Iodine deficiency is the world’s most prevalent, yet easily preventable, cause of brain damage. Iodine deficiency disorders (IDD), represent a serious threat to children’s mental health and often their very survival. Severe iodine deficiency may reduce a child’s IQ by 10-15 points, resulting in poorer school performance and worse economic prospects later in life. Iodine deficiency can impair the social and economic wellbeing of entire communities.
Universal salt iodization – the practice of adding iodine to salt – is a safe and scalable nutrition intervention, and the most cost effective way to tackle iodine deficiency disorders.

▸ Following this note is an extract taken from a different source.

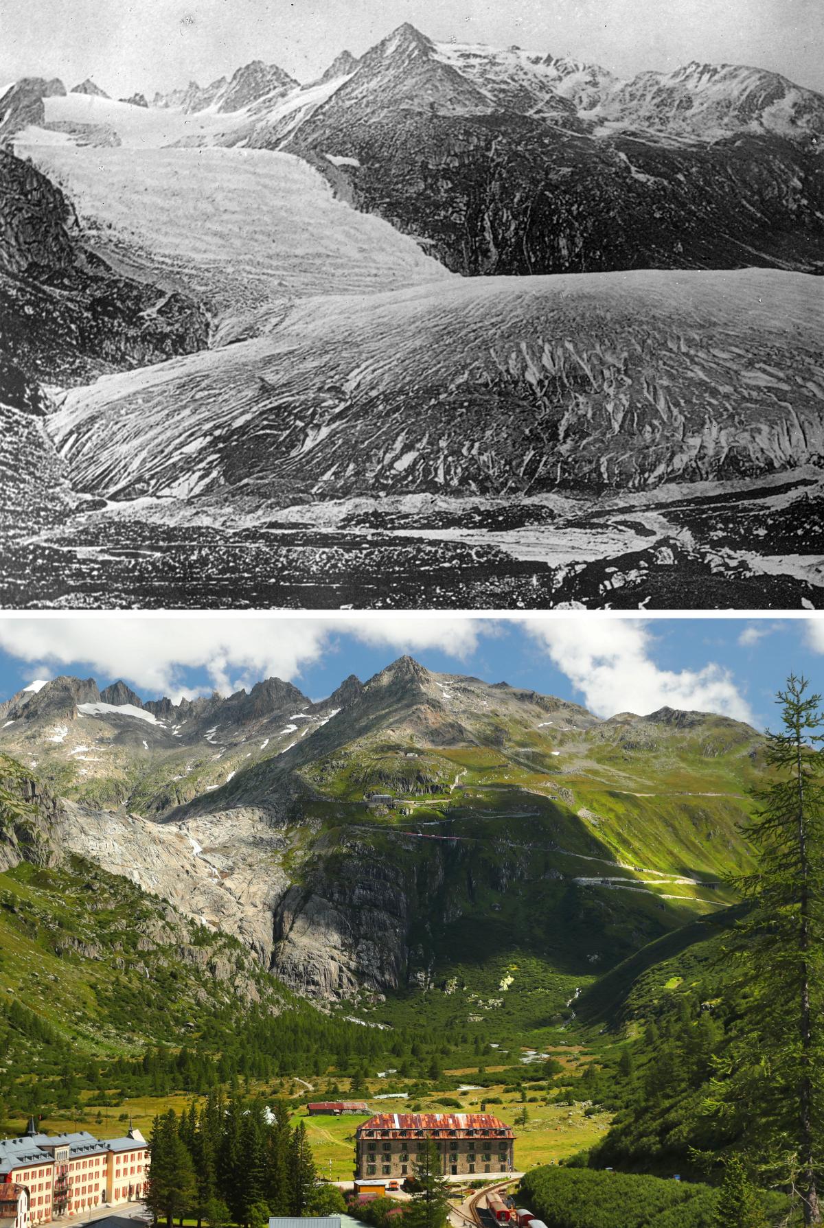 Де раніше у серпні-вересні вже були міцні льодовики, у наші дні можна побачити густі зелені ліси. За прогнозами вчених, льодовики в Альпах найближчим часом будуть танути дуже швидко і до 2050 року їх обсяг скоротиться приблизно наполовину при будь-якому сценарії глобальних кліматичних змін.

Today we are on the verge of eliminating iodine deficiency disorders – an achievement that will be hailed as a major public health triumph that ranks with getting rid of smallpox and poliomyelitis. The global progress in iodine deficiency reduction over the last two decades has been significant: While there were 113 iodine deficient countries in 1993, this number has fallen to just 19 in 2017.
To celebrate success and explore future opportunities, GAIN together with the World Health Organization (WHO), the Iodine Global Network (IGN), the Swiss Federal Institute of Technology (ETH) and Effective Altruism Geneva organized the event ‘Towards the Elimination of Iodine Deficiency by 2020’ on Tuesday, 23 May 2017, on the side lines of the World Health Assembly in Geneva, Switzerland.